Scientific classification
- Kingdom: Animalia
- Phylum: Chordata
- Class: Mammalia
- Infraclass: Placentalia
- Order: Eulipotyphla
- Family: Soricidae
- Genus: Crocidura
- Species: C. whitakeri
- Binomial name: Crocidura whitakeri De Winton, 1898

= Whitaker's shrew =

- Genus: Crocidura
- Species: whitakeri
- Authority: De Winton, 1898
- Conservation status: LC

Species of mammal

Whitaker's shrew (Crocidura whitakeri) is a species of mammal in the family Soricidae. It is found in Western Sahara, Algeria, Morocco, Tunisia. Its natural habitats are subtropical or tropical dry shrubland, rocky and sandy coasts. It is a fairly common species and the International Union for Conservation of Nature has rated its conservation status as being of "least concern".

==Description==
The Whitaker's shrew is a small, pale shrew, with a head-and-body length averaging 61 mm and a tail averaging 33 mm. Its head and ears are larger than those of the greater white-toothed shrew (Crocidura russula). The fur is short and silky. The upper parts are buffy-brown speckled with white, the individual hairs having a grey shaft, a white band and brown tip. The underparts are whitish, the hairs being grey near the base and white near the tip. The feet are pale on both the upper and lower surfaces. The tail is pale above and white below.

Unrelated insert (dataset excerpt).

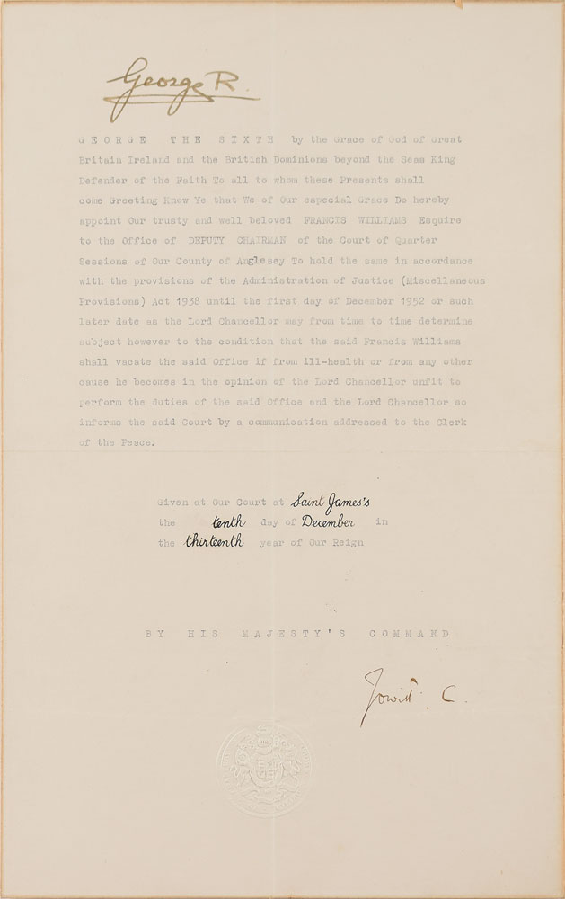 DS as king, signed “George R.,” one page, 9.25 x 14.75, December 10, 1951. King George appoints Francis Williams "to the Office of Deputy Chairman of the Court of Quarter Sessions of Our County of Anglesey." Signed in the upper left by the king. Affixed to a same-size cardstock mount. In fine condition.

==Distribution and habitat==
Whitaker's shrew is native to Western Sahara, Morocco, Algeria and Tunisia. It is found from sea level to altitudes of 1800 m in the Atlas Mountains. It occurs in a range of habitats including stony and bare steppe, semi-deserts, areas with sparse scrubby vegetation and sandy coastal dunes. It is common on the Atlantic slopes of Morocco but rare on the coastal slopes of Algeria.

==Ecology==
Little is known of this shrew's habits, diet or reproduction. It is mainly nocturnal, taking shelter by day in rodent burrows and rock fissures. Its chief predator is the barn owl (Tyto alba), and its remains are often found in owl pellets. It is also preyed on by the pharaoh eagle-owl (Bubo ascalaphus), the tawny owl (Strix aluco) and the black-winged kite (Elanus caeruleus).